AMI, acute myocardial infarction; CABG, coronary artery bypass grafting; CHF, congestive heart failure; CKD, chronic kidney disease; DES, drug eluting stents; DM, diabetes mellitus; LVEF, left ventricular ejection fraction; NSTEMI, non-ST-elevation myocardial infarction; OMT, optimal medical therapy; PAD, peripheral artery disease; PCI, percutaneous coronary intervention; SMD, standardized mean difference; STEMI, ST-elevation myocardial infarction.

Endpoints

OMT was significantly related to improved survival after the 1-year follow-up (Figure 2). Patients receiving OMT showed a significantly decreased occurrence of mortality (4.5% vs 15.1%, p < 0.001), re-AMI (4.2% vs 9.3%, p = 0.004), and the composite endpoint of death/re-AMI (8.6% vs 20.5%, p < 0.001) compared to those without OMT. No significant difference was observed between groups regarding bleeding (5.3% vs 6.3%, p = 0.380).

Figure 2.

Kaplan-Meier curve of 1-year outcomes of death, re-AMI, MACE, and bleeding in patients with or without OMT before (left) and after (right) PSM.

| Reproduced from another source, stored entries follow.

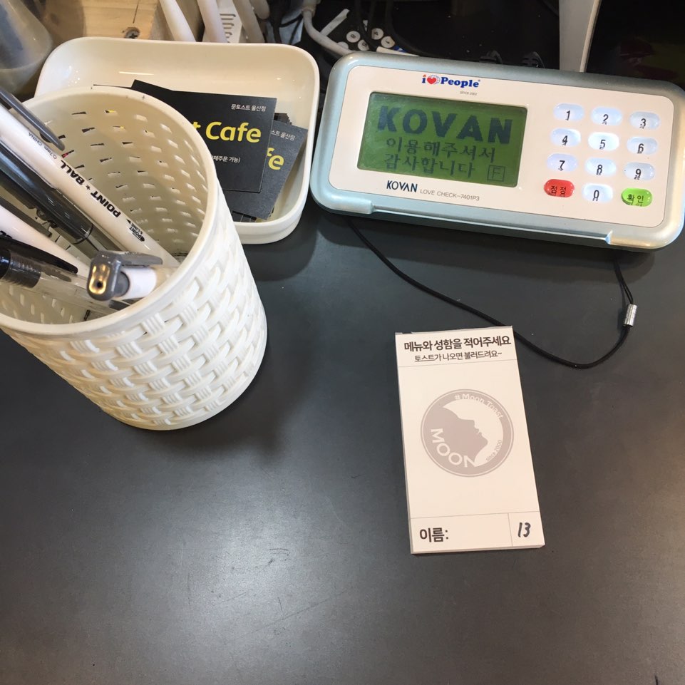 문 토스트 주문방법은 메뉴판앞에 준비되어있는 포스트잇에 메뉴와 이름또는 별명을 적어주시면 된다고 해요. 사람이 없을때는 메뉴이름을 불러주시지만 사람이 많을땐 이름으로 불러주신다고해요.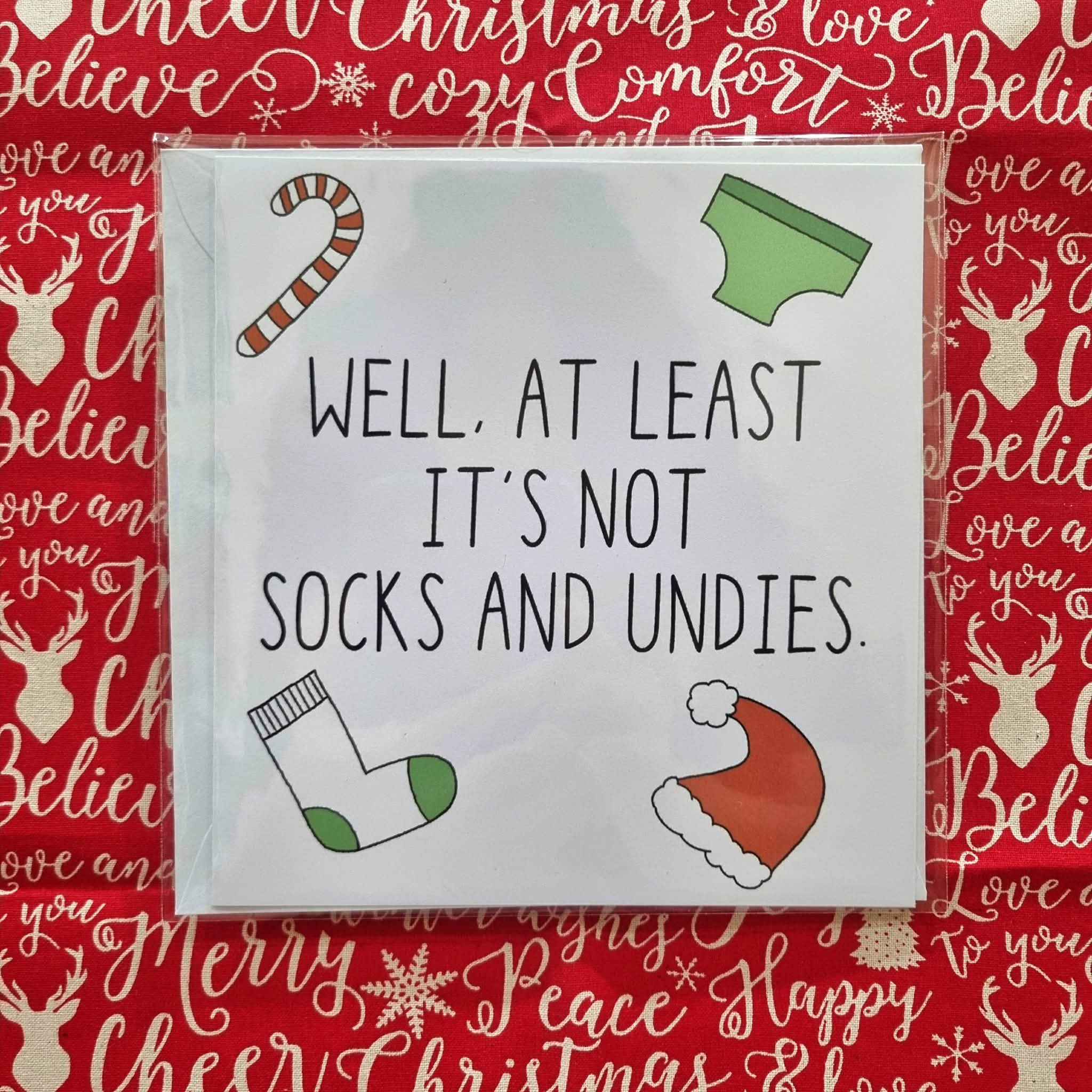 A funny Christmas card featuring the phrase ‘well, at least it’s not socks and undies. Card comes blank and with an envelope.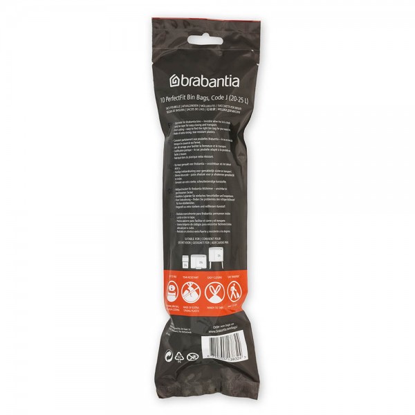 Торбичките за смет на Brabantia са изработени така, че да пасват идеално на кофата за смет Brabantia, вместо да стоят грозно извън нея. Затова те са много здрави, идват в удобен пакет и имат практична връзка за затваряне на торбичката. Просто издърпайте торбичката от коша и я затворете. Проверете цветния код от вътрешната страна на капака на Вашия кош и ще разберете кой размер торбички Ви е необходим! Снабдени са със специални вентилационни отвори, което ги прави лесни за изваждане от кофата за смет.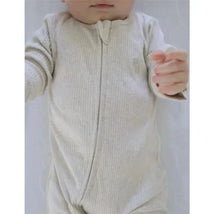 Pure Baby - Baby Neutral Rib Long Sleeve Henley Bodysuit, Biscuit Melange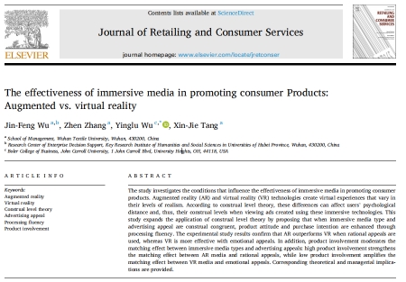 近日,beat365官方网站吴锦峰教授及其带领的研究团队在《Journal of Retailing and Consumer Services》发表题为“The effectiveness of immersive media in promoting consumer products: Augmented vs. virtual reality”的高水平论文(https://doi.org/10.1016/j.jretconser.2025.104323)。beat365官方网站为论文第一单位,beat365官方网站硕士研究生张振、汤鑫杰(已毕业)和John Carroll University的Yinglu Wu副教授是论文的共同作者。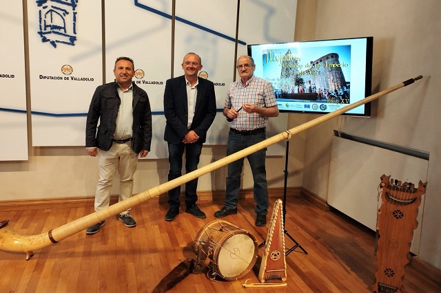 Los instrumentos musicales de la Edad Media han tomado el Palacio de Pimentel este lunes por la presentación de la XV edición de 'Mojados Corazón de un Imperio'. El alcalde de Mojados, Adolfo López, junto al diputado del servicio de Contratación y Nuevas Tecnologías, Alfonso Romo, ha sido el encargado de desgranar el intenso y variado programa de actividades que tienen preparado en la villa vallisoletana para el próximo fin de semana dedicado a la figura de Carlos V.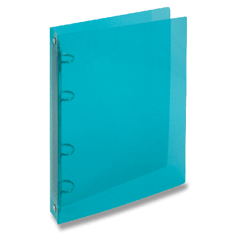 Transparentní polypropylenový 4kroužkový pořadač, kroužek ø 15 mm. Hřbet 20 mm. Na dokumenty A4, až na 100 listů.

After PSM, a new dataset including 315 non-OMT and 315 OMT patients with similar baseline demographics and clinical and procedural characteristics was generated (Table 1). Standardized differences ⩽0.1 for all covariates in propensity score matching indicated balance between treatment and control groups. The advantages of OMT over the one-year clinical outcomes were confirmed in this cohort. The outcomes included death (5.1% vs 14.0%, p < 0.001), re-AMI (4.9% vs 9.7%, p = 0.021), and MACE (9.8% vs 18.9%, p = 0.001) (Figure 2). No difference was observed regarding bleeding (5.7% vs 6.7%, p = 0.469).

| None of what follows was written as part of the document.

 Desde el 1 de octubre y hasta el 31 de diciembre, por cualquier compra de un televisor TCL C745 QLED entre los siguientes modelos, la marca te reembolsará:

Multivariable Cox regression analysis using all patients (n = 765) revealed that OMT was an independent protective factor of the one-year survival in the overall population (HR: 0.31, 95% CI: 0.18–0.53, p < 0.001) and the STEMI subset (HR: 0.23, 95% CI: 0.11–0.46, p < 0.001). Hence, OMT at discharge could produce a 69% reduction of all-cause mortality risk in AMI patients with prior stroke. Age was a risk factor in the overall population (HR: 3.04, 95% CI: 1.46–6.36, p = 0.003) and the STEMI subset (HR: 2.36, 95% CI: 1.09–5.07, p = 0.029), as shown in Table 2. Creatinine over 2.5 mg/dl was a risk factor for NSTEMI patients (HR: 3.46, 95% CI: 1.01–11.92, p = 0.049).

Table 2.

Independent predictors of death at the 1-year follow-up.

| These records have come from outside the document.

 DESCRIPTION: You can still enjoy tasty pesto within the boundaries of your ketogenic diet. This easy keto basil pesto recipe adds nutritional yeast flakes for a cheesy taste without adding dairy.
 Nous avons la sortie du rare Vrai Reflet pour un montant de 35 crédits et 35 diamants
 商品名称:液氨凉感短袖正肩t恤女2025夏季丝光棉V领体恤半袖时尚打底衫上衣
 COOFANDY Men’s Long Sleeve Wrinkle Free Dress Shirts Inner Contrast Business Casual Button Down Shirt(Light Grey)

Variables	Overall			STEMI			NSTEMI
Variables	HR	95%CI	p-value	HR	95%CI	p-value	HR	95%CI	p-value
OMT	0.31	0.18–0.53	<0.001	0.23	0.11–0.46	<0.001	. . .	. . .	. . .
Age^a, y	3.04	1.46–6.36	0.003	2.36	1.09–5.07	0.029	. . .	. . .	. . .
Creatinine^b, mg/dl	. . .	. . .	. . .	. . .	. . .	. . .	3.46	1.01–11.92	0.049

CI, confidence interval; HR, hazard ratio; NSTEMI, non-ST-elevation myocardial infarction; OMT, optimal medical therapy; STEMI, ST-elevation myocardial infarction.

Data were analyzed by use of a Cox regression model.

HR for age>65y and ⩽65y.

Creatinine for >2.5mg/dl and ⩽2.5mg/dl.

The subgroup analysis of the primary endpoint of all-cause death across various patient populations was consistent across most subgroups (Table 3).

Table 3.

Survival benefit of OMT versus non-OMT across population subgroups.

Variable	Groups	HR	95%CI	p value
Age	⩽ 65 y	0.71	0.18–2.84	0.627
	> 65 y	0.25	0.14–0.46	<0.001
Sex	Male	0.34	0.18–0.63	0.001
	Female	0.18	0.06–0.51	0.001
DM	Yes	0.38	0.18–0.80	0.011
	No	0.21	0.10–0.45	<0.001
Prior AMI	Yes	0.29	0.09–0.90	0.032
	No	0.28	0.15–0.50	<0.001
Malignancy	Yes	0.43	0.11–1.62	0.213
	No	0.26	0.15–0.47	<0.001
Killip class ⩾ 2	Yes	0.22	0.09–0.55	0.001
	No	0.31	0.16–0.63	0.001
Creatinine	< 1.3	0.35	0.19–0.64	0.001
	⩾ 1.3	0.18	0.05–0.60	0.005
Multivessel	Yes	0.39	0.20–0.74	0.004
	No	0.08	0.02–0.35	0.001

AMI, acute myocardial infarction; CI, confidence interval; DM, diabetes mellitus; HR, hazard ratio; OMT, optimal medical therapy.

Discussion

The present study, based on the international BleeMACS registry, assessed the application of OMT and its impact on the 1-year outcomes in patients with AMI and prior stroke. A certain proportion of AMI patients were admitted to the hospital for ischemic stroke (5%). OMT was associated with improvements in the one-year outcomes, including mortality, re-AMI, and MACE in this patient population, without bleeding risk. Even though the prescription rate of each OMT medication was reasonably high (73.3%–97.3%), 47.7% of AMI patients lacked at least one OMT medication.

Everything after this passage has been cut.